The Atrocity Archives

The Atrocity Archives is the first volume in Charles Stross’s Laundry Files series. It consists of the novella “The Atrocity Archive” and the short story “The Concrete Jungle.” The premise is that not only are Lovecraftian horrors and other things that go bump in the night real, but they live way down at the bottom of the Mandelbrot set and may be communicated with and/or invoked by computation. The main character is an operative in the British agency known as “The Laundry,” and was drafted in to the agency when he inadvertently discovered the means of invoking an Egyptian god as part of his dissertation research. Many people wind up in the agency in a similar means. Whenever someone stumbles on this sort of knowledge, the appropriate agencies make an offer: work for us, or never publish anything ever again. The name of one course offered to employees of the Laundry is “Computational Demonology.”

You get the idea.

The stories raise several issues for our consideration. First, whether it is illegal to invoke the Elder Gods or other eldritch abominations. And second, whether it is legal for there to be secret laws.

I. Witchcraft and related offenses

The basic question here is whether it is actually illegal to attempt to invoke Cthulhu or whatever. The closest we likely come here in terms of real law is probably witchcraft. Witchcraft actually was a crime at the common law.
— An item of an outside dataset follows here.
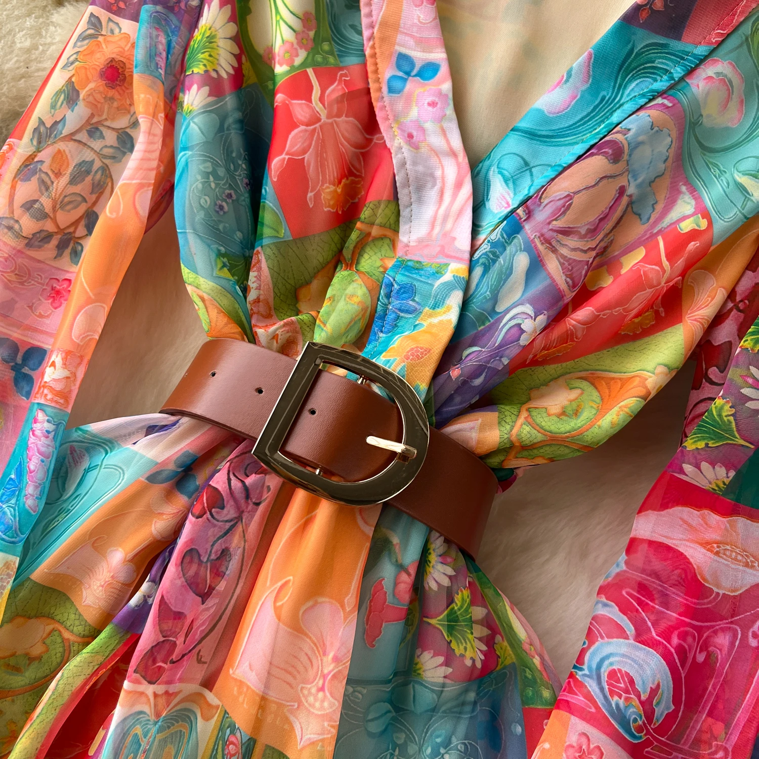 2025 New Maxi Evening Dress Chiffon Printed V-Neck Ethnic Gown Party Robe Belt Evening Dress European American Style

But the Witchcraft Act of 1735 reflected the growing opinion that such things were rather. . . embarrassing in a modern culture. The Act repealed previous Witchcraft Acts (dating from 1542, 1562, 1563, and 1604) and prohibited the prosecution of anyone for witchcraft or sorcery. Instead, the 1735 Act made it a misdemeanor to

. . .pretend to exercise or use any kind of Witchcraft, Sorcery, Inchantment, or Conjuration, or undertake to tell Fortunes, or pretend, from his or her Skill or Knowledge in any occult or crafty Science, to discover where or in what manner any Goods or Chattels, supposed to have been stolen or lost, may be found. . .
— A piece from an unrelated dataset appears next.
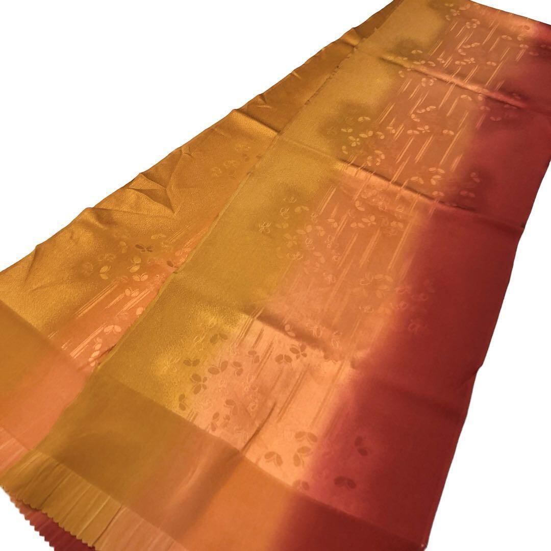 暖かい色味のグラデーションに蝶の柄裄がデザインされた素敵なお品でございます。

So it was no longer illegal to be a witch, but it was illegal to hold one’s self out as one, particularly in connection with the provision of particular services. So no dowsing. But invoking Nyarlathotep? Go nuts. Blackstone notes in his Commentaries that witchcraft had fallen out of favor as a prosecutable crime even before the 1735 Act and viewed this as a beneficial change.

More particularly for our purposes, American courts have long disfavored prosecutions for or charges of witchcraft, though a crime at the common law, as being absurd. As the Supreme Court of Judicature of New Hampshire put it in 1819, “if the common law of England concerning interest should be adopted, we must hold void all contracts for any quantity of interest, however small and reasonable. But, in this enlightened age, such a rule could no more be tolerated than the absurd principles of the common law concerning witchcraft and heresy.” Houghton v. Page, 2 N.H. 42, 44 (1819). There do not appear to have been any attempts in American history to make witchcraft a crime by statute. Indeed, an attempt to do so might well result in a challenge on First Amendment grounds!

But what if there really were things that went bump in the night? It’s likely that the government would have other means at its disposal for dealing with this rather than attempting to resurrect prosecutions for witchcraft. One of the main concerns of the Laundry and related agencies is keeping knowledge of the occult out of the public mind. Anyone who does stumble upon real knowledge tends to be recruited pretty quickly. So passing a law against unlicensed summoning would draw unwanted attention to the subject. Instead, nations would probably rely on national security laws. The President has broad authority to classify information on national security grounds. If there really were an otherworldly threat, the existence of the threat would probably justify action on that basis without the need to reference the specific nature of the threat in additional statutes.

II. Secret Laws

Another feature of the stories is section three of the “Official Secrets Act of 1916.” The story is that the fictional Act of 1916 contains two sections which are public, and a third section which is secret, i.e., under the terms of the Act, it’s illegal to know about Section Three without proper authorization. Can this sort of thing happen?

Well first of all, not only is there no “Section Three,” but there isn’t even an Official Secrets Act of 1916. Not even Sections One and Two, so we’re dealing with a fictional law.  There are several other Official Secrets Acts in the United Kingdom, just not one from 1916.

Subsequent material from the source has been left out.